As mortgage rates hit a 22-year high and existing homeowners continue to stay in their homes, new single family home sales hit a 17-month high in July, according to HUD and U.S. Census Bureau data.
Last month’s data recorded a seasonally adjusted annual rate of 714,000 new single-family home sales, up 4.4% from the revised June rate of 684,000 and is 31.5% above the July 2022 estimate of 543,000. The median sales price of new houses sold in July 2023 was $436,700 and the average sales price was $513,000. First-time buyers now make up 50% of all buyers, up from 45% in 2022 and 37% in 2021.
Chief economist at the National Association of Realtors, Lawrence Yun, said he expects rates will begin decreasing by the end of the year, citing the Fed’s slowing of its interest rate increases. The Mortgage Bankers Association, said they expect the average 30-year mortgage rate to decrease to 5% by the fourth quarter of next year.
Meanwhile, Morgan Stanley reiterated concerns for regional banks. Vishy Tirupattur, its Chief Fixed Income Strategist, said the firm does not accept a growing narrative that “the issues in the sector that erupted in March are largely behind us.” “The ratings downgrades by both Moody’s and Standard & Poor’s,” Tirupattur said, “provide a reminder that the headwinds of increasing capital requirements, higher cost of funding and rising loan losses continue to challenge the business models of the regional banking sector.” While acknowledging that comment periods are open and changes could occur, on the heels of proposed rules around capital requirements, the Fed’s proposed capital rule on implementing capital surcharge for the eight U.S. global systemically important banks, and proposed regulations on new long term debt requirements for banks with assets of $100-700 billion, Tirupattur said “suffice to say that the documents envisage significantly higher capital requirement for much of the U.S. banking sector, and extends several large bank requirements to much smaller banks.”

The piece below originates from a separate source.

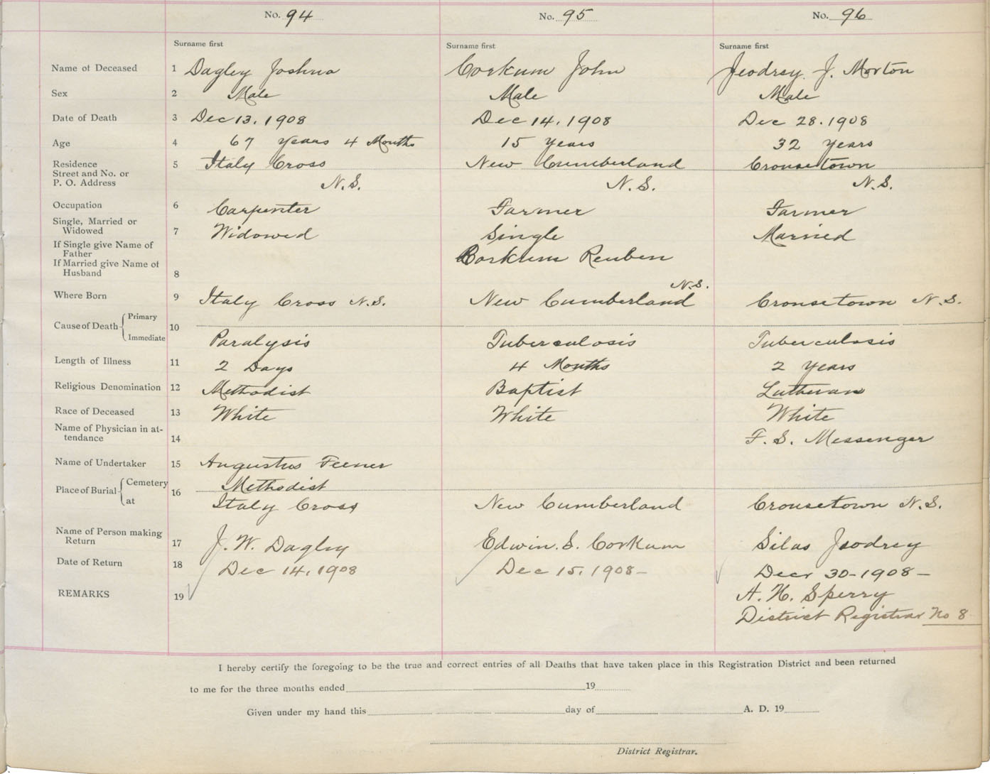 Death Registration: Year: 1908 book: 13 page: 16 number: 94

In short, Morgan Stanley argues the result — supported by the latest Senior Loan Officer Opinion survey and a paper by the San Francisco Fed evaluating regulatory impacts on the real economy — is tighter credit going forward. “The bottom line is that more tightening lies ahead for the broader economy,” . …[and] “the evolution of regulatory policy can weigh on credit formation and overall economic growth.”
A report by Newmark in the Commercial Observer said debt origination volumes in the sector fell 52 percent year-over-year in the second quarter. They said there are also 32 percent fewer lenders than a year ago and lenders have grown “more selective in recent months, demanding lower loan-to-value ratios amid the Federal Reserve’s interest rate hikes.”
Additionally, the Washington Post ran a story this week about what is being referred to as the “urban doom loop” affecting midsized cities if commercial real estate headwinds persist. “The fear is that a commercial real estate apocalypse could spiral out and slow commerce, wrecking local tax revenue in the process. Midsize cities have some of the highest rates of office delinquency, where loan payments on buildings are behind schedule, and the lowest rates of office occupancy,” the Post reported. “The average delinquency rate across the 50 largest metro areas in the country is about 5 percent. But in places like Charlotte in North Carolina or Hartford in Connecticut, it is almost 30 percent, according to data from the real estate analytics company Trepp. Likewise, occupancy rates average about 87 percent. But in Oklahoma City, it is just 71 percent, and 76 percent in both Memphis and St. Louis.”